This lines of code extracts all tables from page 667-795 from a pdf and saves them into an array full of tables.这行代码从 pdf 中提取第 667-795 页的所有表格,并将它们保存到一个充满表格的数组中。

tablesSys = cam.read_pdf("840Dsl_sysvar_lists_man_0122_de-DE_wichtig.pdf",
                         pages = "667-795", 
                         process_threads = 100000, 
                         line_scale = 100, 
                         strip_text ='.\n'
                        ) 

tablesSys = np.array(tablesSys)

The array looks like this.数组看起来像这样。

在此处输入图像描述

Later I have to use this array multiple times.后来我不得不多次使用这个数组。

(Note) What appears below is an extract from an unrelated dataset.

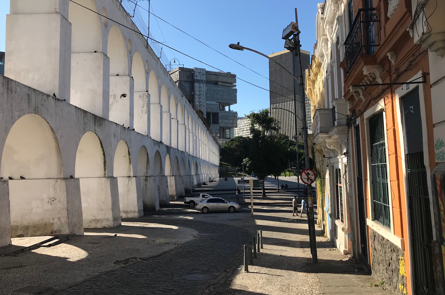 É uma caminhada totalmente descompromissada, conforme vocês estão vendo, um ponto distante do outro coisa de 15 minutos. De Santa Tereza até a Lapa é só descida, o que facilita tudo. Continuamos descendo e chegamos ao AQUEDUTO DA LAPA, essa obra ícone do Rio dos meados de 1600.

Now I work with jupyter lab and whenever my kernel gets offline or I start working again after hours or when I restart the kernel etc. I have to call up this line of code to get my tablesSys.现在我使用 jupyter lab 工作,每当我的 kernel 下线或者下班后我再次开始工作,或者当我重新启动 kernel 等时。我必须调用这行代码来获取我的 tableSys。 Which takes more then 11 minutes to load.加载时间超过 11 分钟。

Since the pdf doesn't change at all, I think that I could find a way to only load the code once and save the array somehow.由于 pdf 根本没有改变,我想我可以找到一种方法来只加载一次代码并以某种方式保存数组。 So in the furture I can use the array without loading the code.所以以后我可以在不加载代码的情况下使用数组。

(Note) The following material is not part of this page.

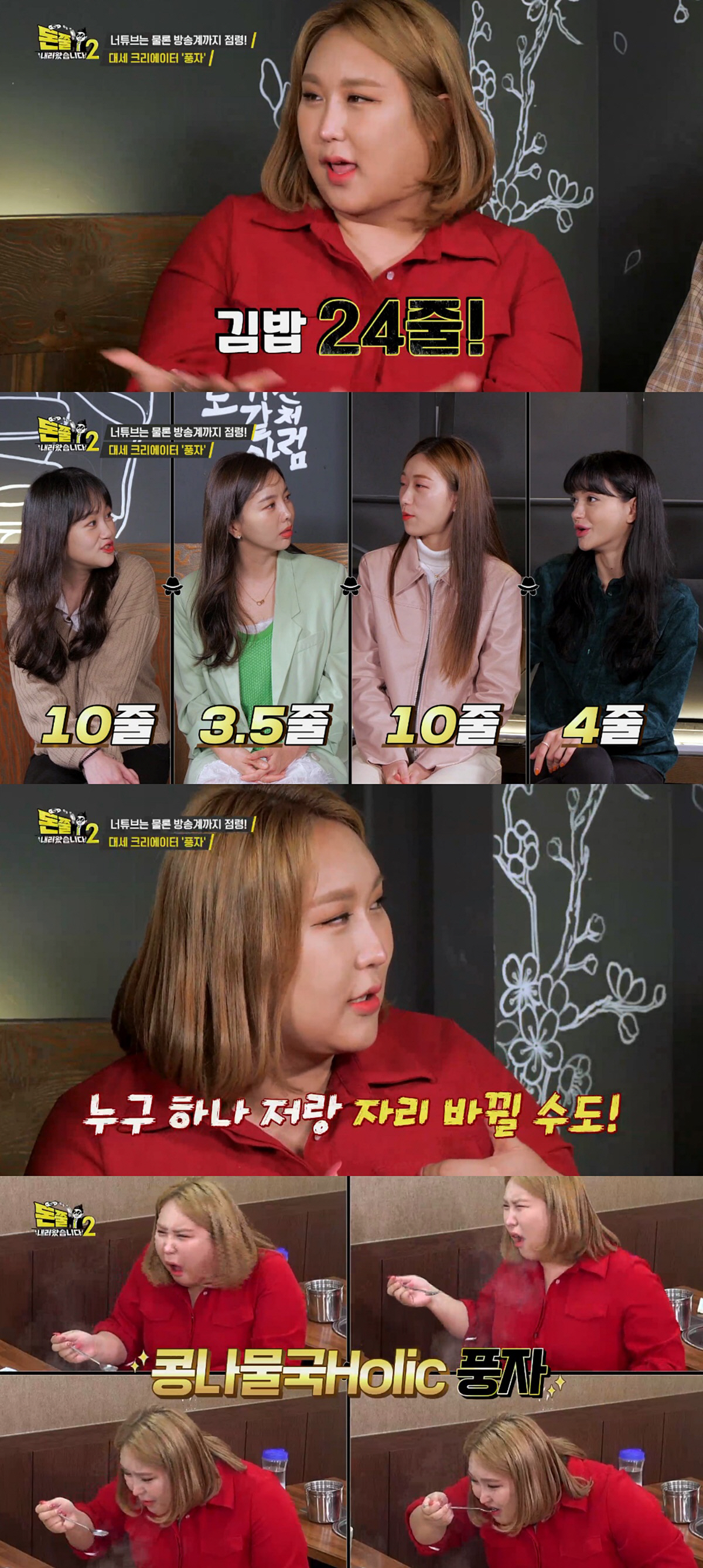 곧이어 스페셜 먹요원으로 크리에이터 풍자가 등장, "한창때 김밥 24줄을 먹었다"라고 말해 모두를 놀라게 만든다. '먹보스' 이영자가 보증하는 먹요원들조차 "24줄은 무리다"라며 혀를 내두르기 때문.

Hope to find a solution:)))希望找到解决方案:)))

Try using the pickle format to save a pickle file to the file system https://docs.python.org/3/library/pickle.html尝试使用 pickle 格式将 pickle 文件保存到文件系统https://docs.python.org/3/library/pickle.html

See a high-level example here, I did not run this code but it should give you an idea.请参阅此处的高级示例,我没有运行这段代码,但它应该会给你一个想法。

import pickle

import numpy as np

# calculate the huge data slice
heavy_numpy_array = np.zeros((1000,2)) # some data

# decide where to store the data in the file-system
my_filename = 'path/to/my_file.xyz'
my_file = open(my_filename, 'wb')

# save to file
pickle.dump(heavy_numpy_array, my_file)
my_file.close()

# load the data from file
my_file_v2 = open(my_filename, 'wb')
my_long_numpy_array = pickle.load(my_file_v2)
my_file_v2.close()

Was playing around...一直在玩...

import numpy as np


class Cam:
    def read_pdf(self, *args, **kwargs):
        return np.random.rand(3, 2)


cam = Cam()

tablesSys = cam.read_pdf(
    "840Dsl_sysvar_lists_man_0122_de-DE_wichtig.pdf",
    pages="667-795",
    process_threads=100000,
    line_scale=100,
    strip_text=".\n",
)


with open("data.npy", "wb") as f:
    np.save(f, tablesSys)

with open("data.npy", "rb") as f:
    tablesSys = np.load(f)
print(tablesSys)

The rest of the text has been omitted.